Santorum, a former Pennsylvania senator embodies the kind of person who despises when American imperfection is compared to Europe. He sees the old continent with all its languages, compares it to the United States, and subsequently believes this makes America one united culture compared to Europe’s many. He is wrong.
I have been blessed with the gift of travel. To date, I have visited Paris, Barcelona, Amsterdam, Brussels, Monaco, Venice, Greece, and three corners of France. Obviously, the cultures change tremendously from country to country – even city to city. The different worlds and histories, all woven together and entangled, represent the complex beauty of the European experience.

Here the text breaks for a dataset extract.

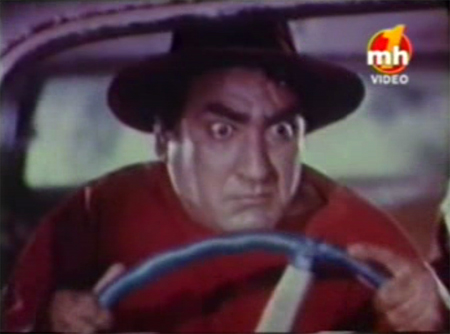 This film surprised me a bit with its violence: women and men alike are roughly manhandled throughout, and the hero is as guilty of it as the villains. He is Rajesh, Agent XX7 (Dev Kumar). Dev Kumar bizarrely (to me) started his career as a hero in various B-movies (the other I’ve seen like this is Ek Khiladi Bawan Pattey, which made even less sense than this, maybe because of the lack of subtitles and maybe not). He is so obviously more suited to villain roles, in which he did later specialize: there is something so exoskeletal about him, all bone and hard planes. I’ve said this before here, but I can only ever think of Ted Cassidy—Lurch—from the Addams Family when I look at him.

But believe this: America varies just as much.
The United States is a not so much a melting pot of cultures and ideas as it is a broad palette, with individual colors around the edge and a mixed center. We are not painted with any one brush as merely Texas cowboys, Wall Street bankers, Baltimore factory workers or metropolitan artists.

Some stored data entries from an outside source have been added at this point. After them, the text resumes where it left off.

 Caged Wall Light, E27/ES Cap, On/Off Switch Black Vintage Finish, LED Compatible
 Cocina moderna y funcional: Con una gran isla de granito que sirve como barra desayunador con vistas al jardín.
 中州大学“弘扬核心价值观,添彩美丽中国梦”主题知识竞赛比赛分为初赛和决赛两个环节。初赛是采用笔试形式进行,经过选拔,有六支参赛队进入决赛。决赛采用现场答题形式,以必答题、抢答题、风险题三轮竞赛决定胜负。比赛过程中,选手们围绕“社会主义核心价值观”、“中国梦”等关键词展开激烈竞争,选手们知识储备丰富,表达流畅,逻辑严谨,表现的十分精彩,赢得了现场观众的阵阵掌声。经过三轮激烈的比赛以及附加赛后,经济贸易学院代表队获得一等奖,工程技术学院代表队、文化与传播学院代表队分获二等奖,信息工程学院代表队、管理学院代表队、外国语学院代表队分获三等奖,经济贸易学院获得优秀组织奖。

There’s no need to use more radical examples like Alaska or Hawaii – Americans are kidding themselves if they are trying find a unifying culture. Categorizing us is just impossible; there is a substantial population to counter every patronizing statement about almost every individual group. Even racially, we are far more diverse than most of Europe.
We all know Europe only pretends to be one country. But even in a political sense, America can be just as divided. Some local Parisians, who spend a good portion of their time arguing about whether Paris represents “the real France” (ring any bells, Sarah Palin?), were shocked when I explained how U.S. laws change from state to state on everything from taxes and speed limits to same-sex marriage and fireworks. “Like different countries” one of them blurted out. They were equally surprised to learn how, just like Europe, America diversifies spectacularly across the nation, as I provided for them examples in cuisine, history, economics, race, religion and regional dialect.
We don’t all love football, processed beef, country music, capitalism or corporate control of politics. And we don’t all speak English.
Even for the English-speaking majority, the actual language varies enormously. Perhaps this was best illustrated by our British tour guide in Paris, who smugly proclaimed Americans “understand English but can’t speak it!”
The differences in how we verbally communicate are as much a part of our culture as the food we eat, the politics we support, the gods we worship and the different countries we call home. These factors, which diversify America, are not detrimental to the culture – it is why America triumphs over Europe. While differences have dragged them into tyranny, dysfunction, genocide, and war time and time again, we continue to turn our diversity into strength in America. Different people offer varying ideas and solutions to common problems. We see holism in America – the whole is greater than the sum of its parts. And to suggest that Puerto Ricans should abandon their contribution is appalling.
Language is just one more difference between the diverse community that makes up our country. In learning to accept this, perhaps Rick Santorum will see what an asinine suggestion he made. Maybe then we’ll finally move on to the real issue: Anyone who opposes the circular design of the 51-star flag hates America and is a communist.